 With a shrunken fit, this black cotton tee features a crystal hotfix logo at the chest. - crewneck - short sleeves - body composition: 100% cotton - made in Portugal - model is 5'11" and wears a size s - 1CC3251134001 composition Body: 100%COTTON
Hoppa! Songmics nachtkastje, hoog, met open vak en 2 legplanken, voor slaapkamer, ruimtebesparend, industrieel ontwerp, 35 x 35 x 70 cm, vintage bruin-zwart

...

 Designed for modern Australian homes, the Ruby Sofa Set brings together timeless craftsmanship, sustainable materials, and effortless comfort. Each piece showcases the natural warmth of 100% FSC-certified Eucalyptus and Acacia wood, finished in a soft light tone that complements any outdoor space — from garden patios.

**AIM OF THE TASK**
For this exercise, please output exactly the lines above starting at the line with "With a shrunken" and ending at the line with "Hoppa! Songmics nachtkastje, hoog, met", ends included.

**THE ANSWER**
 With a shrunken fit, this black cotton tee features a crystal hotfix logo at the chest. - crewneck - short sleeves - body composition: 100% cotton - made in Portugal - model is 5'11" and wears a size s - 1CC3251134001 composition Body: 100%COTTON
Hoppa! Songmics nachtkastje, hoog, met open vak en 2 legplanken, voor slaapkamer, ruimtebesparend, industrieel ontwerp, 35 x 35 x 70 cm, vintage bruin-zwart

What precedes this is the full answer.